Sunday, April 19, 2009

The synthesis of all the heresies
Michael Liccione quotes an American RC priest (I’m guessing an older one) who thinks this is a good thing:
Faith (as modern Americans construe it) is not some objective reality into which they feel they should fit; rather, faith is the way people choose to assemble their ideals, in accord with the force or thrust of those ideals.
That, my friends, presents the basic spiritual problem from which all of America’s ecclesial and social ills flow.
Of course because it’s a culturally Protestant country: the happy hunting-ground of sectarianism as Mgr Ronald Knox called it.
SCOTUS said in 1992, and was believed almost without question when it repeated in 2003:
“At the heart of liberty is the right to define one’s own concept of existence, of meaning, of the universe and of the mystery of human life.”
That’s exactly the right our first parents claimed for themselves.
It works politically as long as the golden rule, the harm principle, is enforced but objectively of course it’s wrong.
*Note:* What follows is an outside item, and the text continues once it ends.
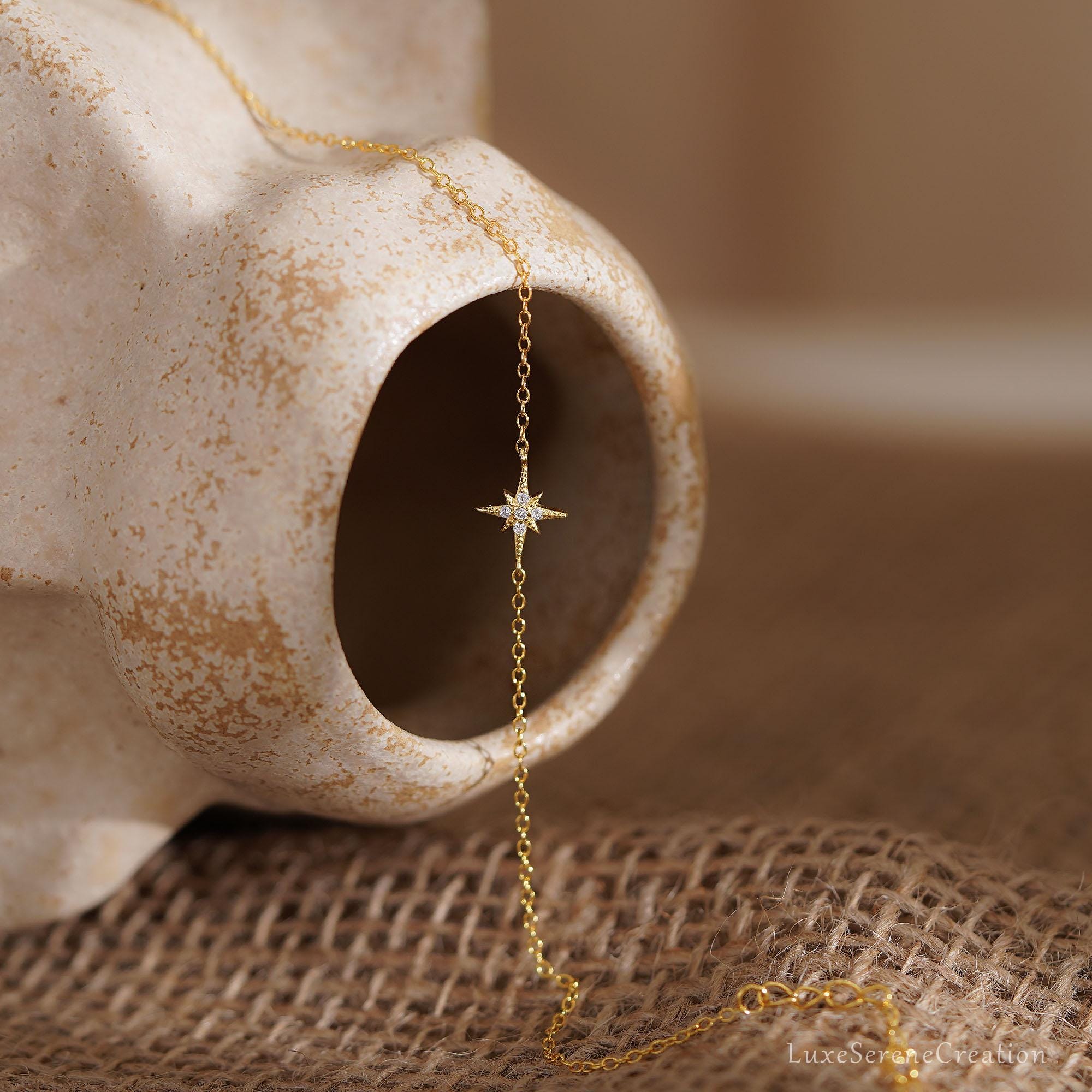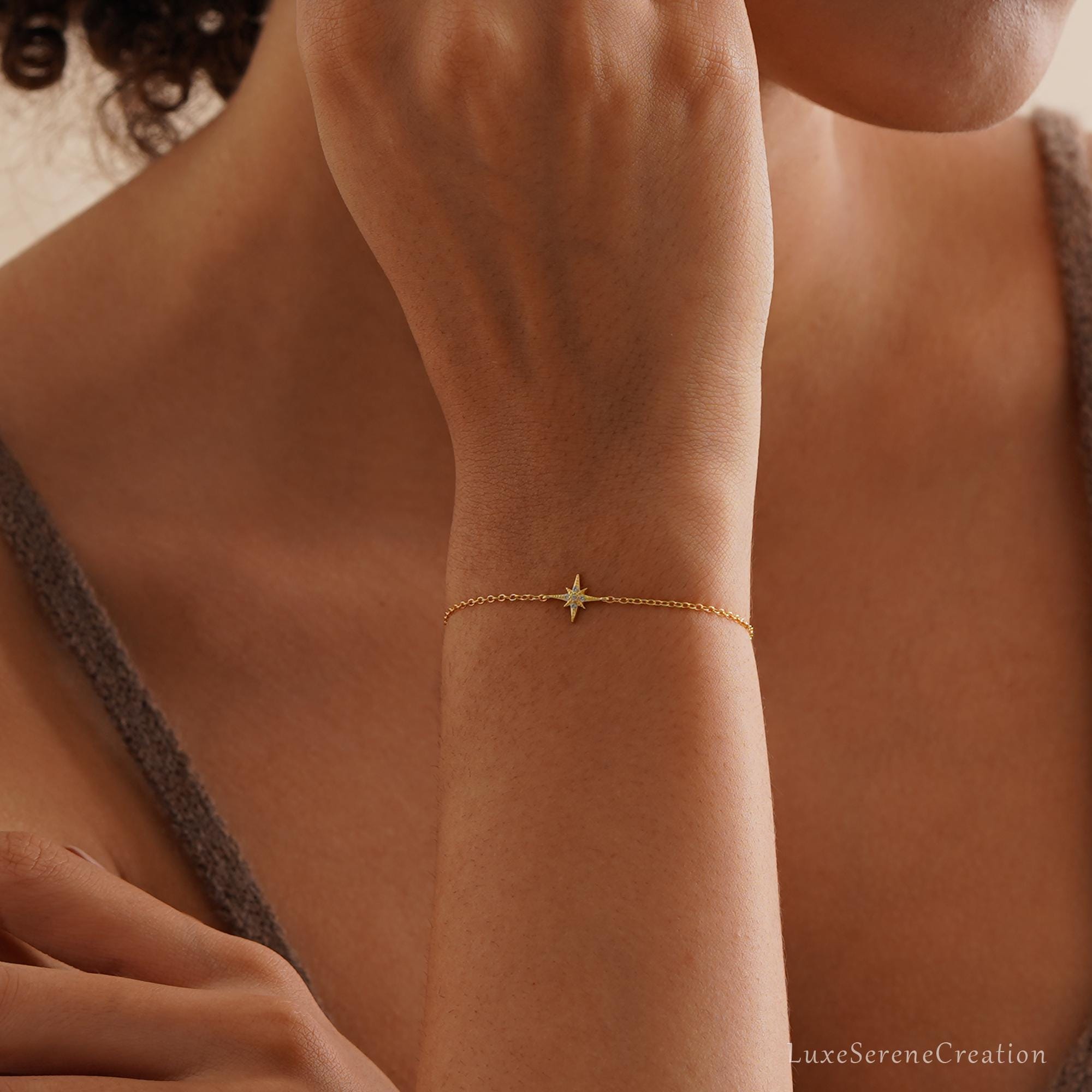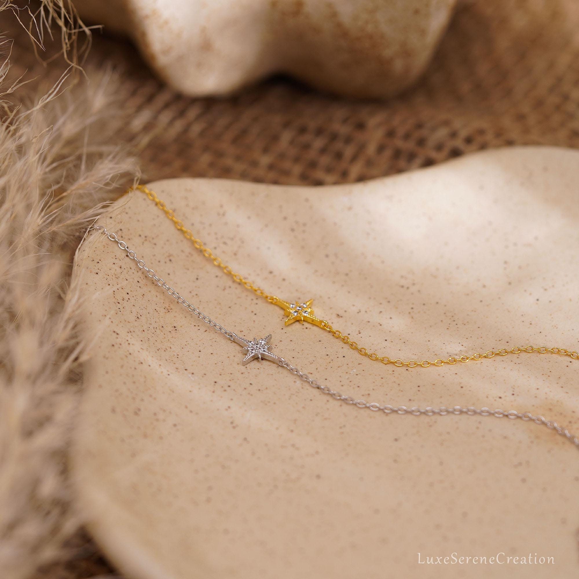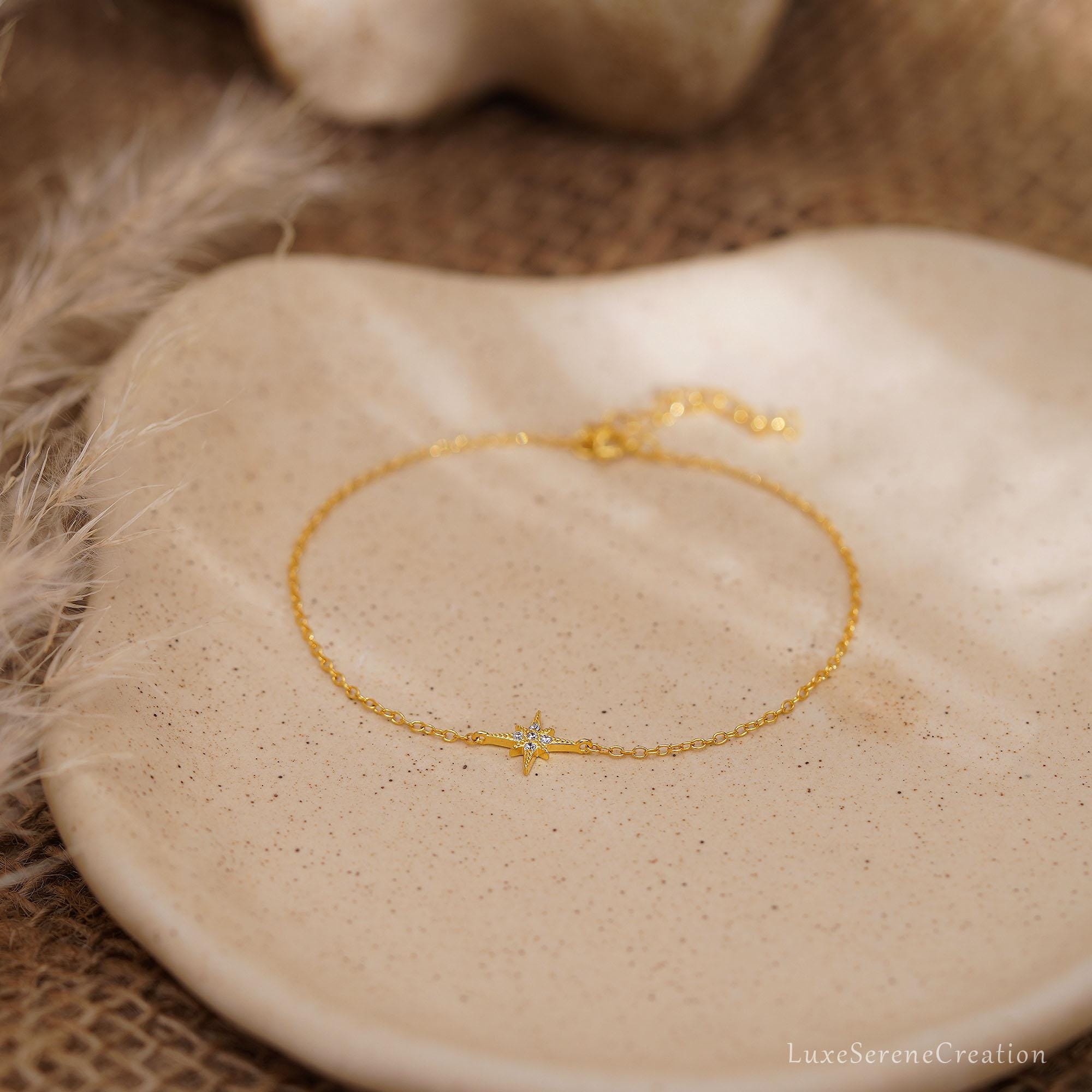 925 Sterling Silver Octagonal Star Bracelet with Diamonds, Delicate Star Bracelet for Mom, Gold Bracelet, Best Friend Gift, Mother’s Day Gift

To anticipate the reaction a good friend of the blog, I agree that the neocaths sometimes fall into the same traps as their liberal opponents (just like fundamentalism is itself thoroughly modern unlike the traditionalism we both believe in) but this is still good and I give credit where it’s due.

The really scary thing that I’ve begun to notice (being a recent Boston College grad and knowledgeable of all the goings-on there) is that cafeteria Catholicism is not purely a subjective choice which presupposes some form of inclusiveness. Rather, many of the faithful select their own dogma and then try to impose it on the Church as if the fate of the civilized world depended on it — it’s tyrannical, which is ironic since that’s the dissenter’s word of choice for the Vatican.
Liccione adds:
It’s subjectivity masquerading as objectivity. Everybody has a pope in their belly. In other words, the imperial self.